Reputation: 217
I want to find all occurrences of parent::, the called function and the parameter
For example:
parent::test( new ReflectionClass($this) );
But the following regular expression doesn't match the outer brackets - only the inner ones:
parent::(.*)\((.*)\);
Array /* output */
(
[0] => parent::test( new ReflectionClass($this) );
[1] => test( new ReflectionClass
[2] => $this)
)
How do I have to modify the pattern?
That is for a PHP script, so I can use some other string functions, too.
Upvotes: 0
Views: 1075
Reputation: 4682
Using regexes to parse code is a REALLY bad idea. Take a look at PHP's Tokenizer, which you can use to parse PHP code into an array of tokens. You can than use that array to find the information you need.
You can also look at PHP-Token-Reflection's source code as an example of how to get meaningful information from those tokens.
Basically, you would need to find T_PARENT occurrences T_STRING occurrences with 'parent' as the string contents, followed by T_DOUBLE_COLON, followed with another T_STRING that contains the method name, than go forward and start counting the depth of the parentheses - whenever you get to an '(', increase the counter by one. Whenever you get to an ')', decrease the counter by one. Keep a record of everything you find in the process until the counter gets back to 0.
Something like that should work (not actually tested):
<?php
$tokens = tokens_get_all(...);
for ($i=0, $size = count($tokens); $i < $size; $i++( {
if ($tokens[$i][0] === T_STRING && $tokens[$i][1] === 'parent' && $tokens[++$i][0] === T_DOUBLE_COLON && $tokens[++$i][0] === T_STRING) {
$method = $tokens[$i][1];
$depth = 0;
$contents = array();
do {
$contents[] = $token = $tokens[++$i];
if ($token === '(') {
$depth++;
} elseif ($token === ')') {
$depth--;
}
} while ($depth > 0);
echo "Call to $method with contents:\n";
print_r(array_slice($contents, 1, -1)); // slices off the opening '(' and closing ')'
}
}
Upvotes: 2
Reputation: 7583
If you are only interested in the function and whatever is inside the round brackets,
and most parent:: calls are in a single line only. This may work for you.
parent::(.*?)\((.*)\);
The first capture should stop after the first encountered (
as this is not greedy.
The second capture will not stop until it captures the last );
on the same line.
Note: Do not use s
modifier as this will result in greedy matching up to the last );
in multiple lines of your code.
Upvotes: 1
Reputation: 10967
What you are trying to do is generally not possible with regular expressions. To do what you want, you have to be able to count things, which is something regular expressions can't do.
Making the matching greedy will eventually lead to matching too much, especially when you are supporting multiple line input.

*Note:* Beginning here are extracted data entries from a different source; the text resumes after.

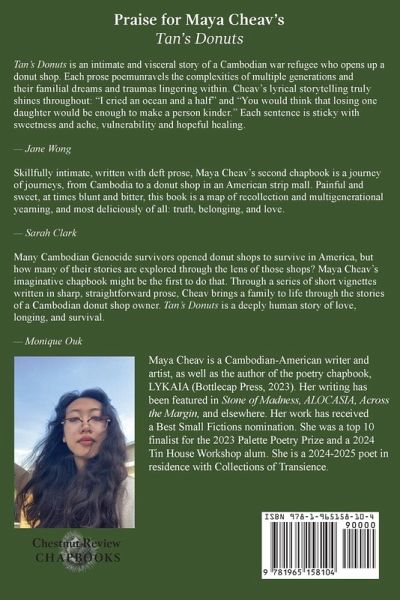 In Tan's Donuts, a donut shop owner reflects on the orders of his most memorable customers. Maya Cheav tells the bittersweet story of a Cambodian war refugee and survivor of the Khmer Rouge adjusting to life in America while having to sacrifice his dreams to survive. This poetry chapbook reflects on complex Southeast Asian family dynamics, intergenerational trauma, and breaking the cycle before it's too late.
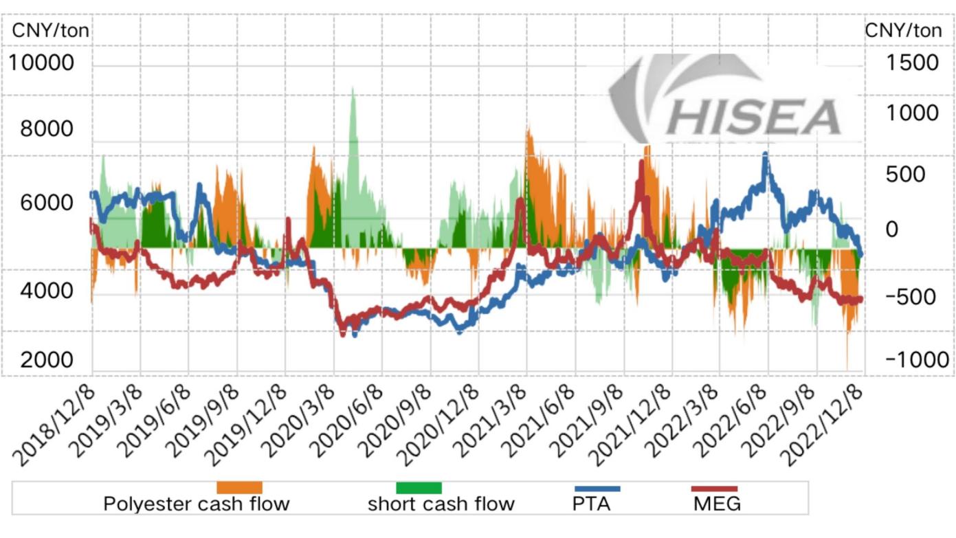 Durante el período (20221202-1208) de este ciclo, el mercado del poliéster en su conjunto subió y bajó, con tendencias mixtas de precios de mercado y transacciones de mercado.desordenado.Desde el punto de vista upstream, durante este período, el mercado sopesa la expectativa de OPEP + estrategia de reducción de producción y el arrastre de la demanda de la epidemia local global.A pesar de que OPEP+ insiste en promoviendo los recortes de producción y los inventarios comerciales de petróleo crudo de EE. UU. continúan disminuyendo, el mercado está preocupado de que la Fed aún pueda aumentar agresivamente las tasas de interés.Inventarios de petróleo refinado Crecimiento sustancial, superpuesto a las preocupaciones constantes del mercado sobre la recesión económica mundial, el petróleo crudo europeo y estadounidense cayó bruscamente durante este período, y el lado del costo agregado es relativamente negativo.Desde la perspectiva de las materias primas directas, a partir de Diciembre 8 , el precio de mercado de PTA tirado 5,095 yuan/tonelada .
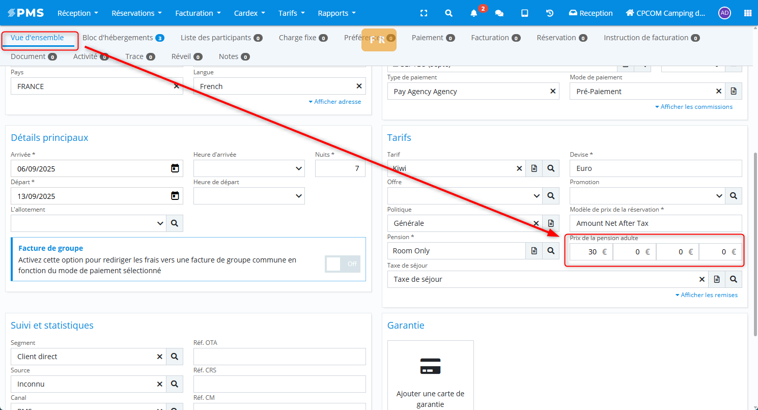Si aucun prix spécifique n’est défini pour la pension, le système applique le prix issu du tarif, de l’offre ou de la promotion configurée.
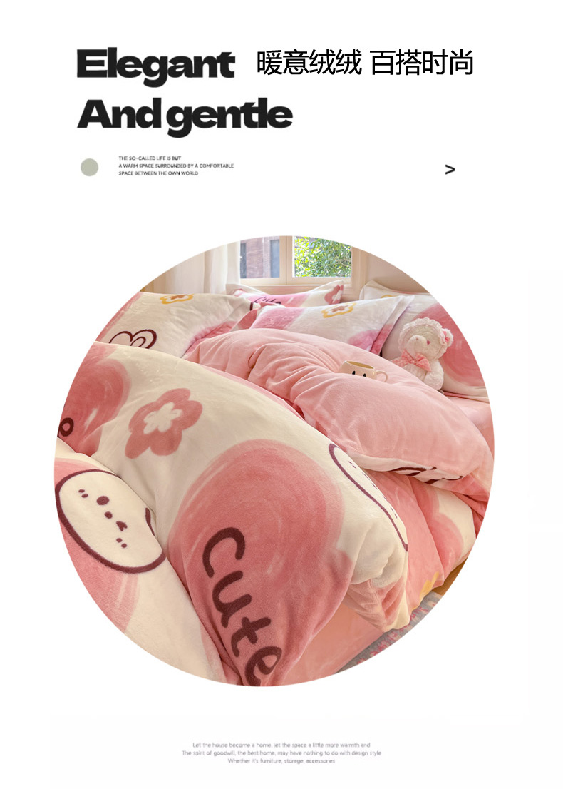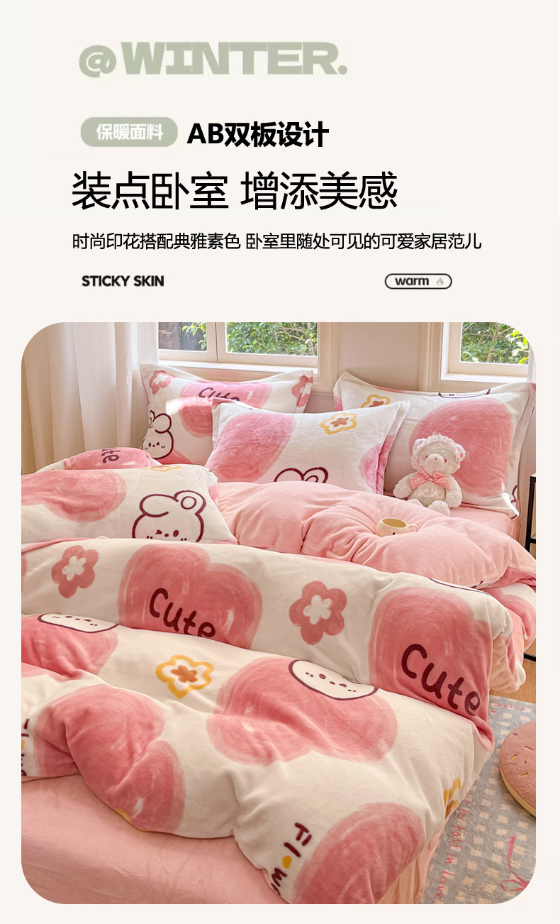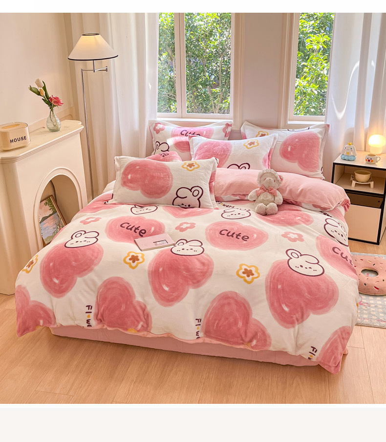 当前位置: 91家纺网 > 商品网购 > 床品套件 > 四件套 > 牛奶绒四件套 > 沐慕 2024新款200g加厚牛奶绒四件套 爱心粉兔

To replace every occurence of parent:: you probably don't have to match the method call exactly, maybe it is enough to match something like this:
parent::(.*);
Then you can replace the parent:: with something else and use the first matching group to put whatever was in the document at this position.
Upvotes: 2
Reputation: 188014
Here is an example which is not really robust, but it would match the case in your question.

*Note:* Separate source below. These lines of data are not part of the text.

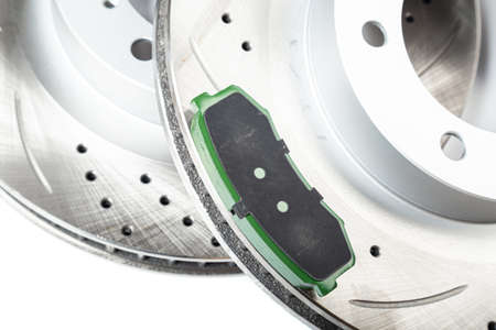 Perforated brake pads next to brake disc on white background isolated object
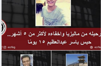 قررت نيابة أمن الانقلاب حبس المعتقل ياسر محمد عبدالعظيم 15 يومًا على ذمة التحقيقات، فيما لفقت له اتهامات ومزاعم بعد ترحيله من ماليزيا وإخفائه أكثر من 5 أشهر. وذكرت ...
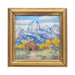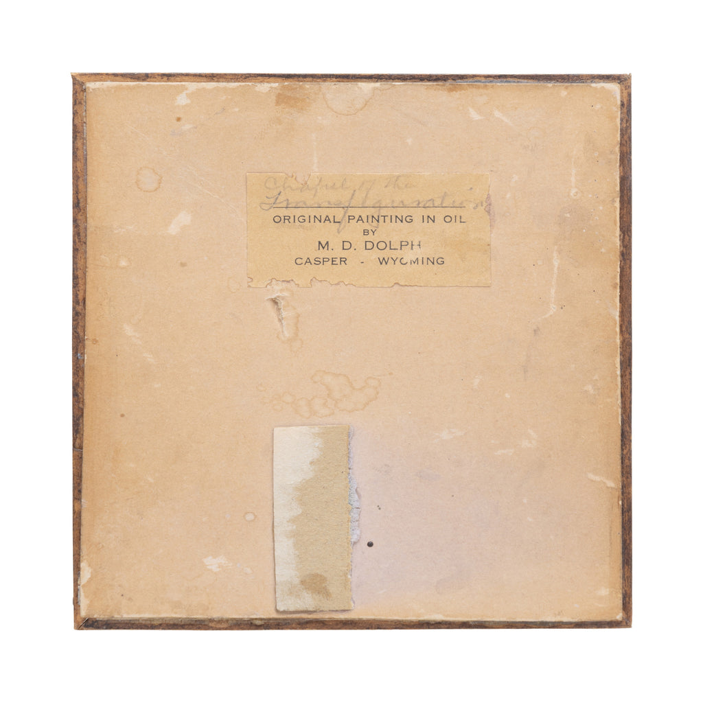 Chapel of the Transfiguration (which provides a view of the Grand Teton mountain range) by Dorothy Dolph. 4 1/4" x 4 1/4". Original frame. Title penciled on back. Dorothy and her husband homesteaded in Wyoming in 1913. In 1925, she painted an historical painting of Casper as it appeared in 1912, which was purchased by the governor of Wyoming. As the Great Depression began, Dorothy started painting anything that would sell: mountain landscapes, cabins, ranch buildings, horses, cattle, sheep and sheep wagons. She was able to earn cash for her paintings, but she also frequently traded for tires, gas, and groceries. Her first big commission came when Mr. F. J. Haynes approached her and commissioned paintings for his store in Yellowstone Park. During the next two years, Dorothy painted 1,465 paintings for him to be sold at the Park’s concession stores. In the early 1930s, she took to the road in search of fresh subject matter, traveling and camping around the country and covering most of the lower 48 states, Alaska, and much of Canada. Dorothy spent her final years in Post Falls, Idaho, where she could be closer to her sons, but continued to enjoy an active lifestyle until her death in 1979 at the age of 94.
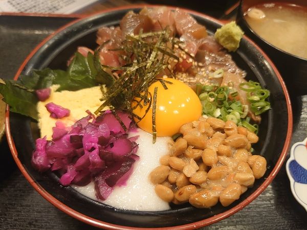 納豆や山芋など、滋養豊かな具材が入っているので、普通の海鮮丼よりもスタミナがついた気がします。少し意外な組み合わせですが、味のバランスも良く、とても美味しかったです。

(parent::)([^\(]*)\(([^\(]*)\(([^()]*)\)
Here is a live regex test to experiment around: http://rubular.com/r/WwRsRTf7E6 (Note: rubular.com is targeted at ruby, but should be similar enough for php).

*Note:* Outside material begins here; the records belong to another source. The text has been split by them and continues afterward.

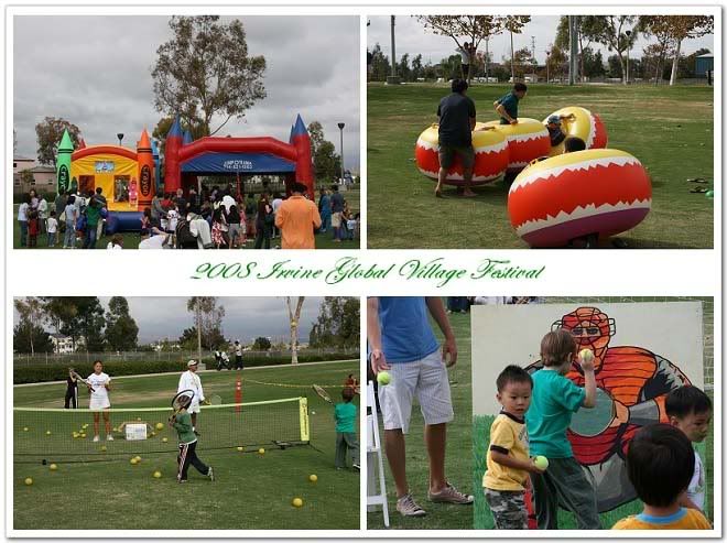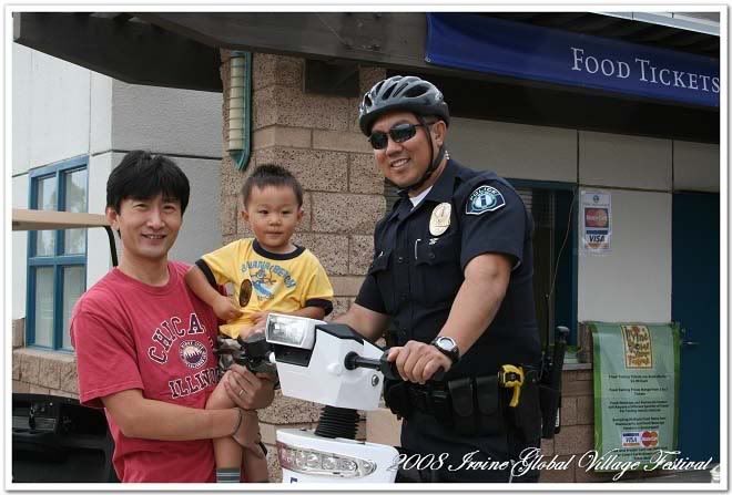 吃完午饭,我们赶去Irvine Village Global Festival. 其实这个活动每年都有,对我们来说今年是第一次。地点在我们常去的市府后的公园里。三个大草坪上都搭上了白色的帐篷,最引人注目的是几个硕大无比的充气滑梯。感觉规模很大,活动也很多,吃喝玩乐一应俱全。让多多记忆深刻的是和警察叔叔合影留念,最近小子特迷警察和消防员,感觉美国的警察和消防员都人高马大,而且其中很多长得都特别帅呢。
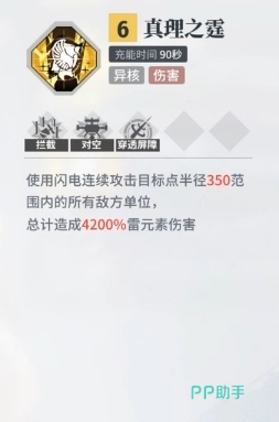 真理之霆:该技能是主动伤害技能,不过本身有着足足90秒的冷却,这主要因为它属于异核技能,这类技能往往相当于角色的大招,而它的出处则是四星雷系角色刘兄,作为他的终极技能,其总伤害加成倍率高达4200%,并且技能的效果是连续攻击目标半径350范围的所有敌人,这个连续攻击也可以理解为连击,虽然该技能的总伤害非常恐怖,但因为有这一字眼,所以它并不会一次性打出。
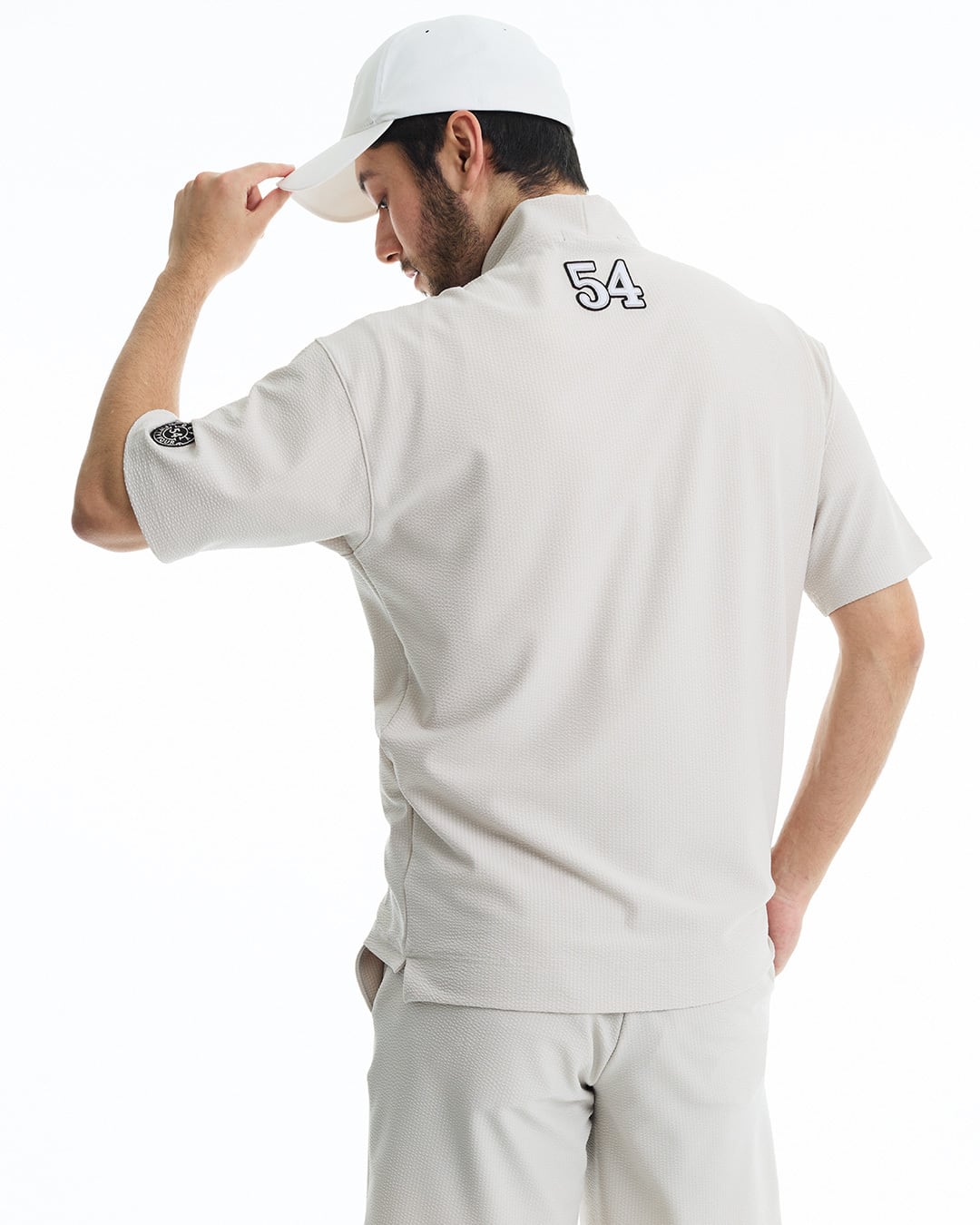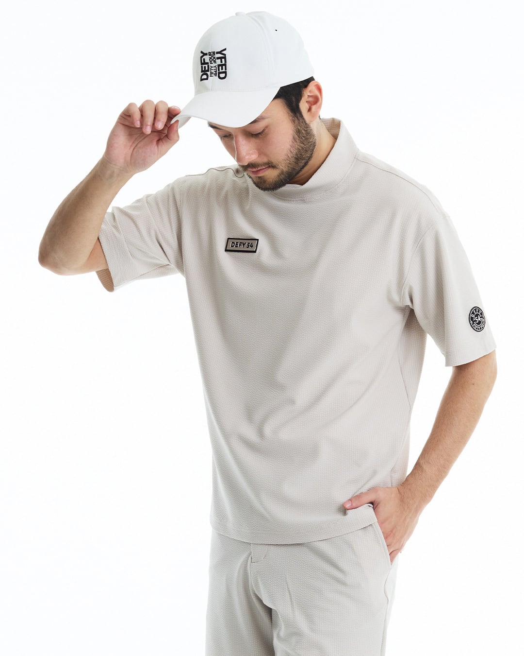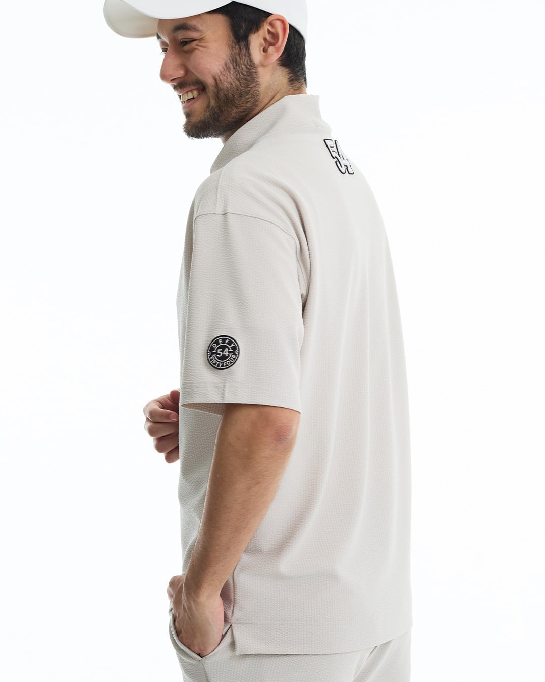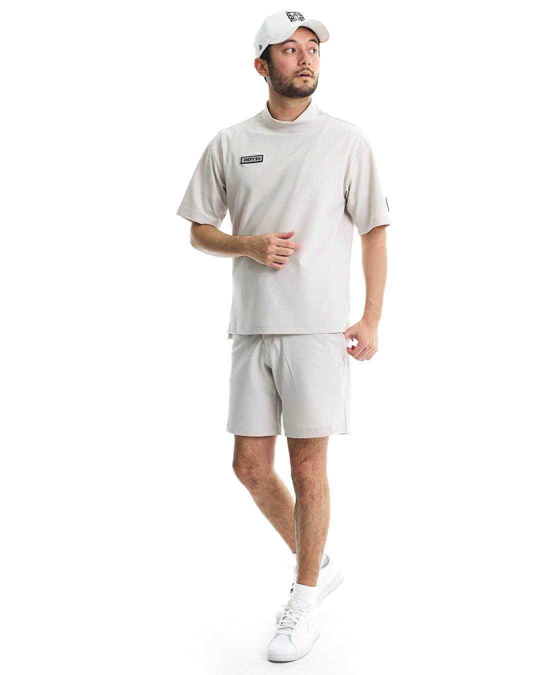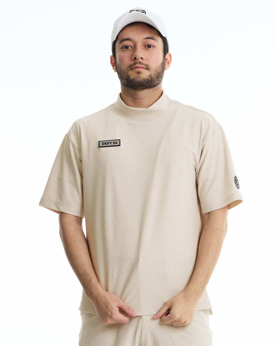 ハイテンションなサッカー素材を使用した半袖モックネック。サッカーの凹凸感が肌離れの良さ、ハリコシ感を引き立て、着心地の良いモックネックとなっている。タテヨコ共にストレッチがきいている為、動きの妨げにもならない。同素材ショートパンツ(DFF1E02I)とのセットアップ着用により、より綺麗目なスタイリングを楽しむことが出来る。同素材ボタンダウンシャツ(DFF1E01I)

The matched elements would be in this case:
parent::
test
new ReflectionClass
$this
If you want something more robust, you might want to look into parsing tools (e.g. write a short grammer, that matches php function definitions) or static code analysis tools, as these often consist of AST generators etc. I have no personal experience with this one, but it sounds quite comprehensive:
pfff is a set of tools and APIs to perform some static analysis, dynamic analysis, code visualizations, code navigations, or style-preserving source-to-source transformations such as refactorings on source code. For now the effort is focused on PHP ...
Upvotes: 1